12-13-2021 12:44 PM
I'm getting the below error after loading my commoncert.cer to CMS when run a "PKI inspect" I posted a question early but at almost 100 views and no answer. I wonder if I'm asking the wrong thing. Attempting to set up CMS. WE have three server CMS1,2,and 3. I create the commoncert.csr on CMS 1. Submitted to my authority for signing. Received them back.
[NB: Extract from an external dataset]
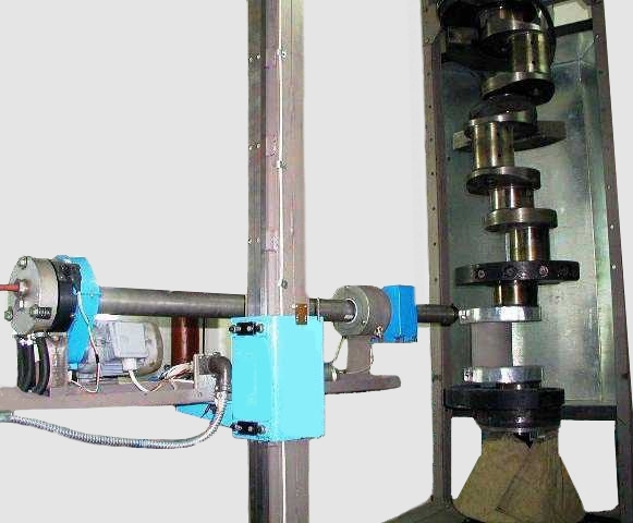 Коленчатый вал устанавливается на станок. С помощью индикаторных головок выполняют диагностику. Проводят анализ биения поверхностей и величину износа:

Attempting to upload back to CMS with required bundles but lost.
"Checking ssh public keys...not found
Checking user configured certificates and keys...found
File contains a PEM encoded certificate"
11-10-2025 10:42 AM - edited 11-10-2025 11:32 AM
Hi dear @oquindle.bennett
I had the same issue — normalizing the PEM format fixed it.
CMS is very strict about certificate header/footer structure..
You can read this instruction.. to fix your issue >>
It looks like your certificate is in PEM format but not properly normalized,
so Cisco Meeting Server (CMS) can’t fully parse it when you run pki inspect.
CMS is very strict about certificate formatting — it only accepts clean PEM or DER files with standard headers.
Here’s what you should check and do:
#1. Confirm the format.The file must begin and end exactly like this:
-----BEGIN CERTIFICATE-----
(Base64 content, no spaces)
-----END CERTIFICATE-----
If those headers or line breaks are missing or inconsistent, CMS won’t recognize the file correctly.
#2. Remove any extra characters or BOM.
Open the file in a plain-text editor (like vi, nano, or Notepad++) and make sure there are no blank lines, spaces, or hidden BOM characters before the “BEGIN CERTIFICATE”.
#3. Convert or normalize the certificate (if needed).
If you suspect corruption or mixed format:
Use OpenSSL to re‑export a clean PEM:
openssl x509 -in commoncert.cer -out commoncert-normalized.pem
Then upload and inspect this normalized file on CMS:
pki inspect commoncert-normalized.pem
#4. If this is the signed certificate for your CSR:Make sure you import it with the matching private key name you used when generating the CSR (for example, callbridge or webadmin):
pki import cert callbridge /tmp/commoncert-normalized.pem
The certificate’s public key must match the private key stored on CMS, otherwise TLS setup will fail.
#5. If your CA provided a certificate chain:Combine all CA and intermediate certificates into a single file (each block has its own BEGIN/END lines):
-----BEGIN CERTIFICATE-----
(Server cert)
-----END CERTIFICATE-----
-----BEGIN CERTIFICATE-----
(Intermediate)
-----END CERTIFICATE-----
-----BEGIN CERTIFICATE-----
(Root)
-----END CERTIFICATE-----
Then import that chain:
pki import chain chain.pem
After those steps, pki inspect should show Subject, Issuer, and Validity details — confirming the CMS now recognizes it properly.